**WHAT YOU WILL DO:** Stop at the line that contains "ويهدف هذا لبرتوكول". Until then, set down each line of the records exactly, beginning with the first, and skip pictures.

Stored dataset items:

╔══

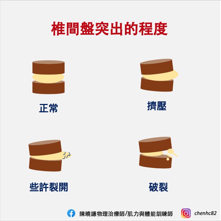 把椎間盤想像成一顆水球,『隨著壓力增加,起初水球會變扁、形變、被撐開、最後爆開』,上述過程就是輕度到重度椎間盤突出,到最後椎間盤破裂的過程
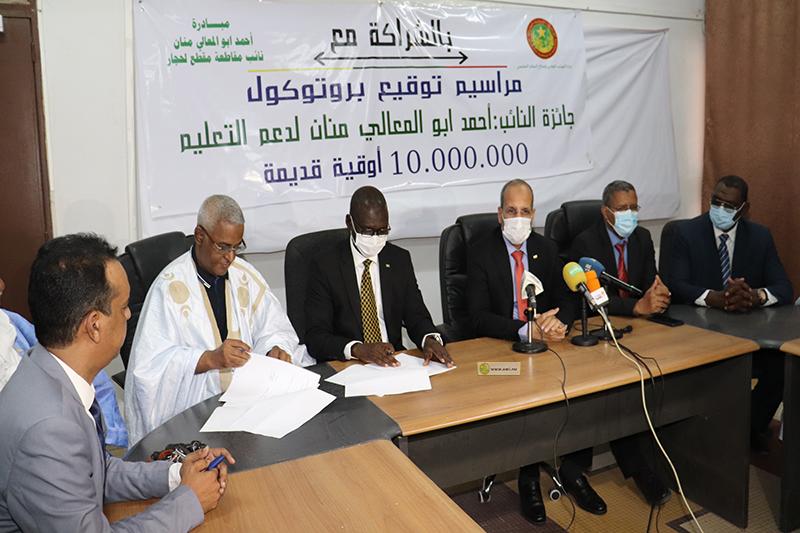 ويهدف هذا لبرتوكول الموقع بين وزارة التهذيب الوطني وإصلاح النظام التعليمي و”مبادرة أحمد أبو ال منان”، نائب مقاطعة مقطع لحجار، إلى إشاعة روح المنافسة الإيجابية على مستوى قطاع التعليم الأساسي في المقاطعة.
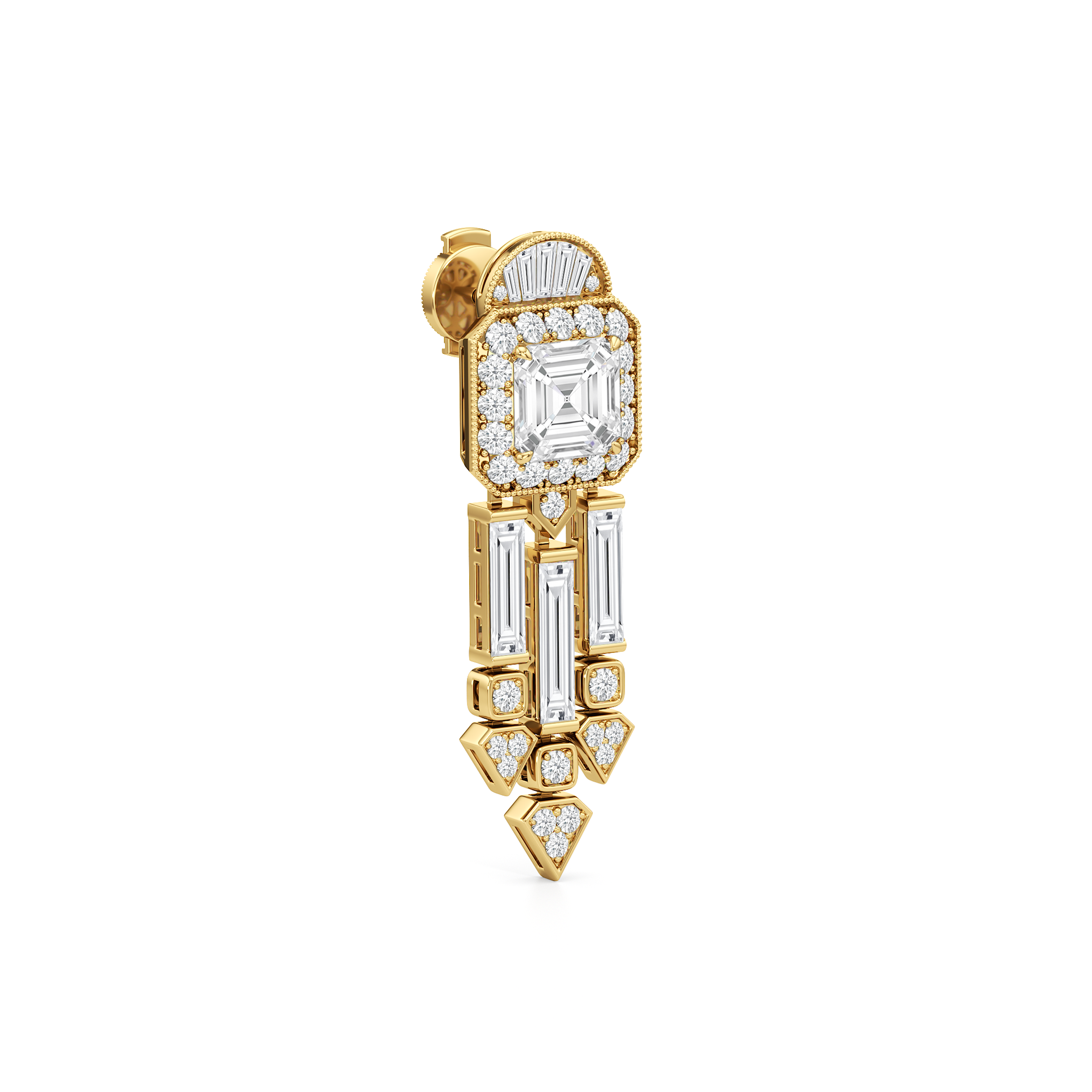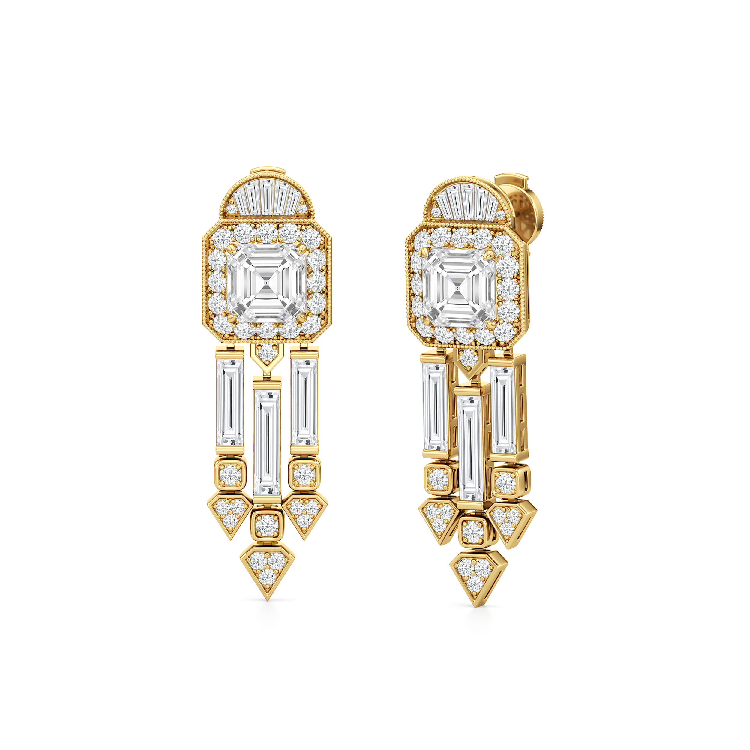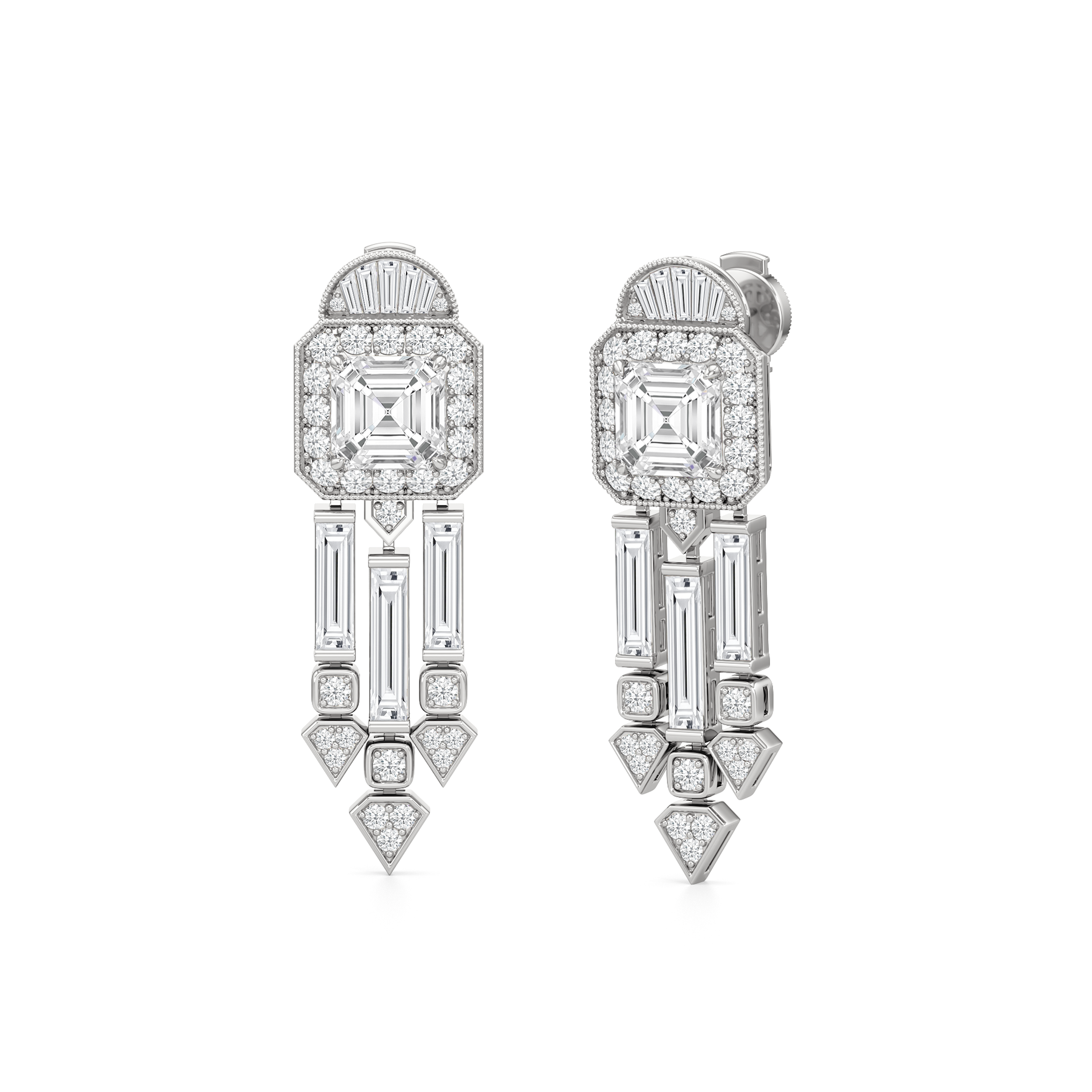 This pair of dangling earrings captures the allure and ornate sophistication of the Art Deco lobby in Havana’s iconic Bacardi Building. The pair features Asscher-cut diamonds sitting within an octagonal frame of micro-pavé diamonds. Above, a half-circle of baguette diamonds radiate like the sunburst motifs found in the building's decorative panels. Flowing from the central diamond with clipped corners are three baguette drops, each punctuated at its base by more diamonds in square and triangle-shaped frames. Fine milgrain detailing around every edge of each earring echoes the delicate grillework that trims the Bacardi's walls and windows. Like a miniature landscape of light, line, and symmetry, these dangling earrings radiate streamlined elegance and geometric drama—quintessentially Art Deco.
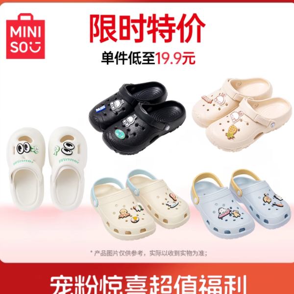 ¥45.35 【漏!14/双】MINISO沙滩风洞洞鞋 95.35
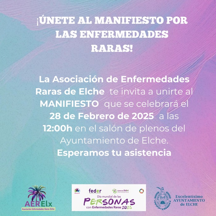 La Asociación de Enfermedades Raras de Elche te invita a unirte al MANIFIESTO que se celebrará el 28 de Febrero de 2025 a las 12:00h en el salón de plenos del Ayuntamiento de Elche. Esperamos tu asistencia.
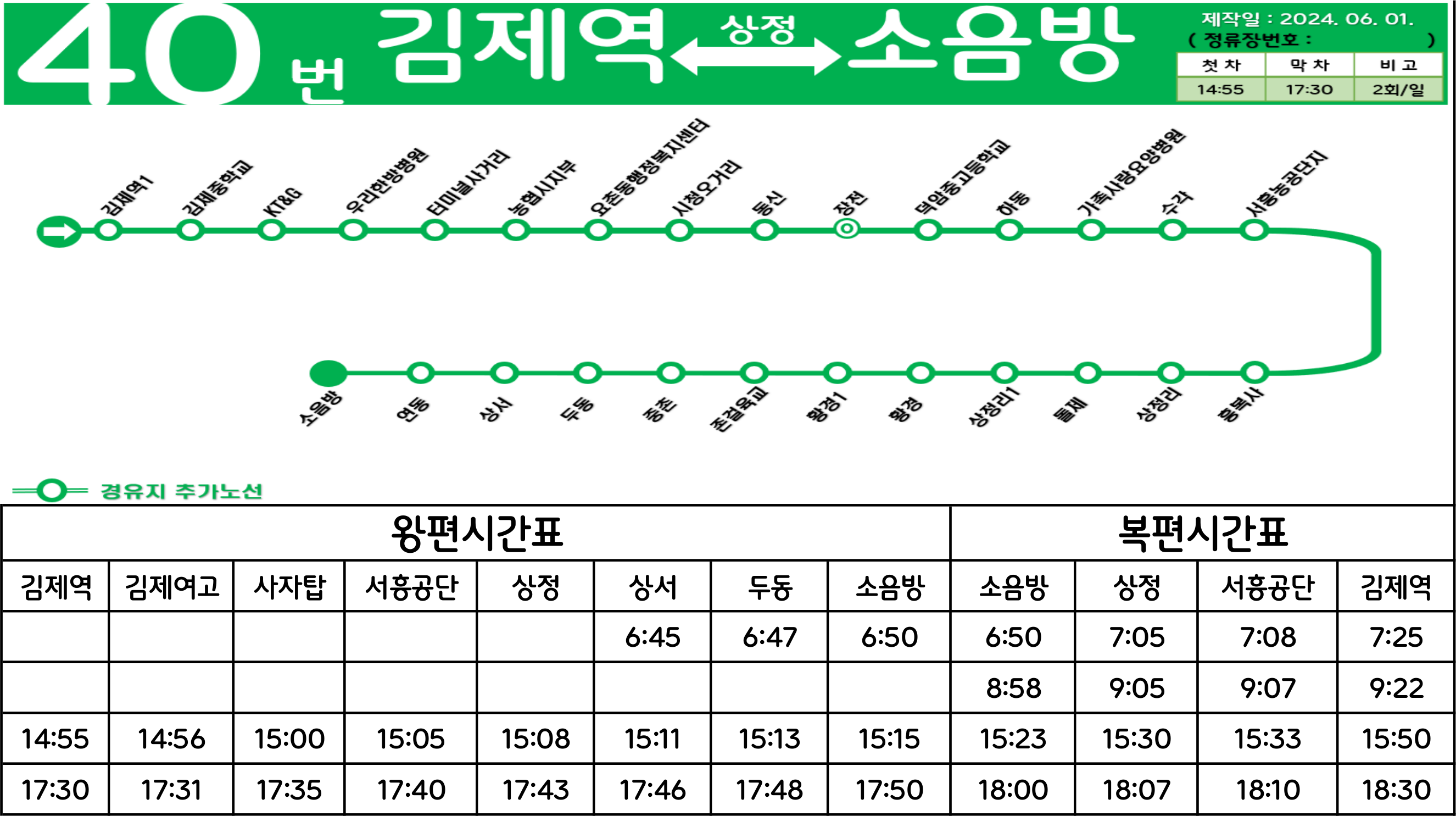 김제 40번: 김제역 ↔ (→ 터미널사거리 → 김제우체국 →/← 김제고 ← 김제농생명마이스터고 ← 구산사거리 ← 시장통 ←) ↔ 동신아파트 ↔ 덕암중.고교 ↔ 서흥농공단지 ↔ 상정 ↔ 황경 ↔ 중촌입구 → 두동 → 중촌 → 상서종점 → 상서 → 연동경로당 → 소음방
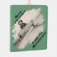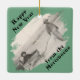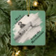 Share a special photos on this diagonally-oriented ornament. Openings that looks like a window with frost scraped off frame the photos. Templates are set up for the photos and for the text. Different photos can be used on each side. The text is also set up to be personalized. The text is a snow-capped font. The background on both sides is green. If you need help personalizing, please contact me.
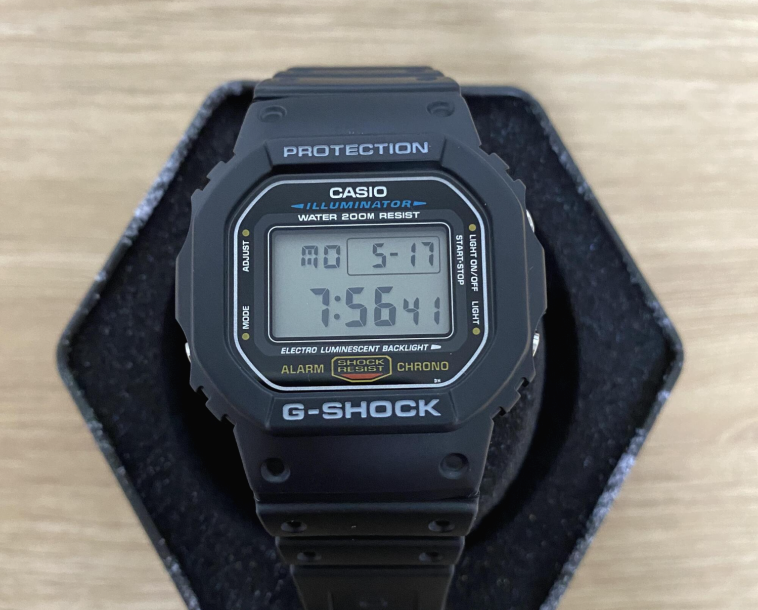 뭐, 오래 고민 하진 않았고, 고장나서 버린 지샥의 크기가 너무 커서 불편했던 기억으로 이번에는 가장 기본 모델로 구입을 했다. DW-5600E-1VDR로, 가장 엔트리 모델이지만 그렇기 때문에 아주 무난하게 착용할 수가 있다. 스펙이나, 타모델과의 비교는 위의 링크에서 확인하면 된다.

╚══

**EXPECTED ANSWER:**
 把椎間盤想像成一顆水球,『隨著壓力增加,起初水球會變扁、形變、被撐開、最後爆開』,上述過程就是輕度到重度椎間盤突出,到最後椎間盤破裂的過程
 ويهدف هذا لبرتوكول الموقع بين وزارة التهذيب الوطني وإصلاح النظام التعليمي و”مبادرة أحمد أبو ال منان”، نائب مقاطعة مقطع لحجار، إلى إشاعة روح المنافسة الإيجابية على مستوى قطاع التعليم الأساسي في المقاطعة.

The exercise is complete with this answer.